### Exercise instructions
Write out the listing below exactly, and omit any images you find in it.

═════ Input data

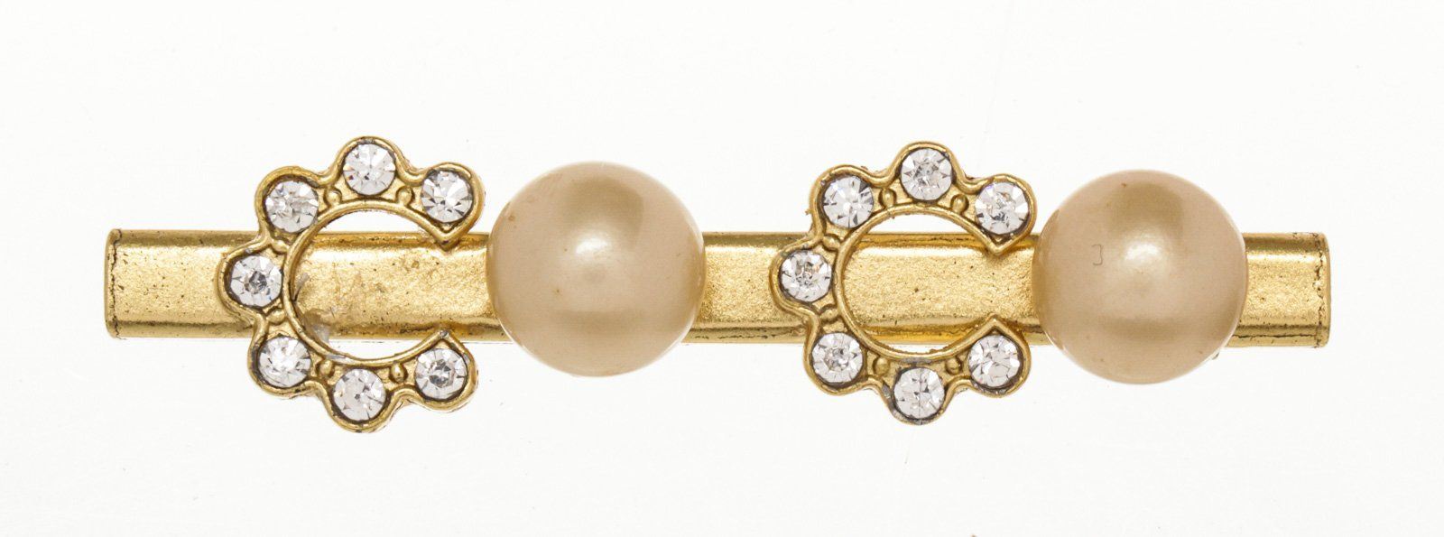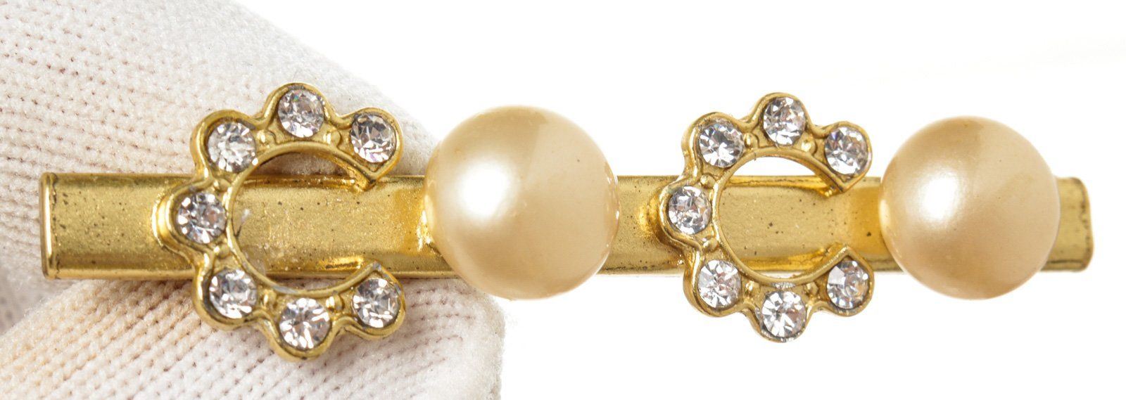 Chanel Gold Pearl CC Hairclip with gold-tone hardware.
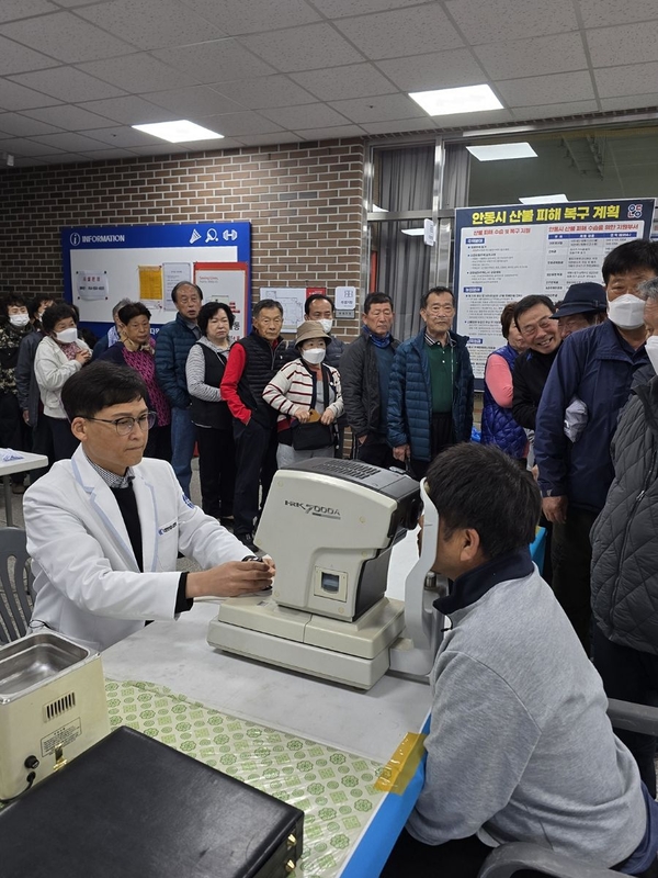 | ▲ 대한안경사협회는 산불이재민 대피소에서 시력 측정 및 맞춤형 돋보기 지원을 했다. 안동시 제공 | ||
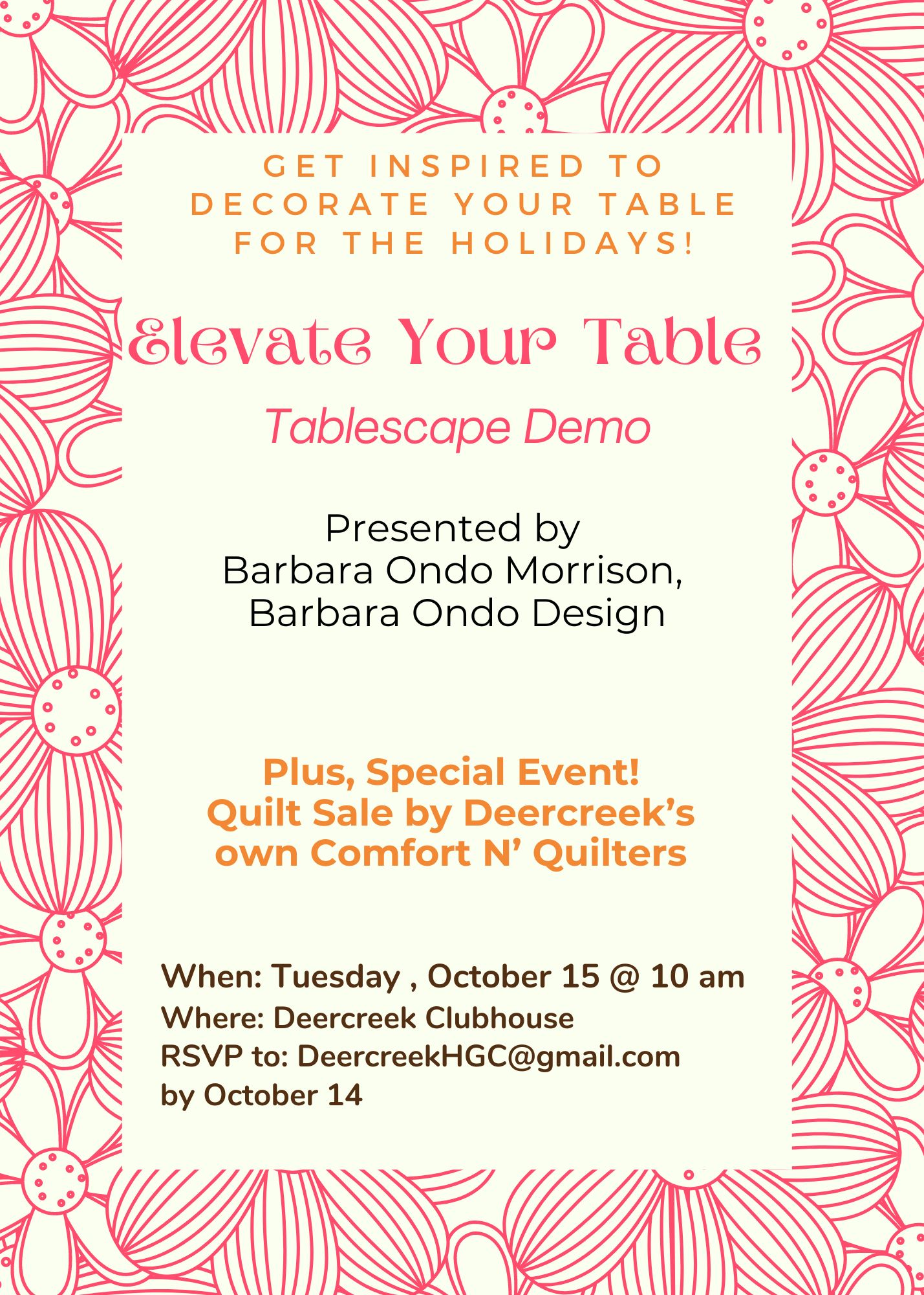 This program is for Home and Garden Club members and Deercreek residents who enjoy home and garden topics. Be sure to put it on your calendar now!

══════════

### Solved problem
 Chanel Gold Pearl CC Hairclip with gold-tone hardware.
 | ▲ 대한안경사협회는 산불이재민 대피소에서 시력 측정 및 맞춤형 돋보기 지원을 했다. 안동시 제공 | ||
 This program is for Home and Garden Club members and Deercreek residents who enjoy home and garden topics. Be sure to put it on your calendar now!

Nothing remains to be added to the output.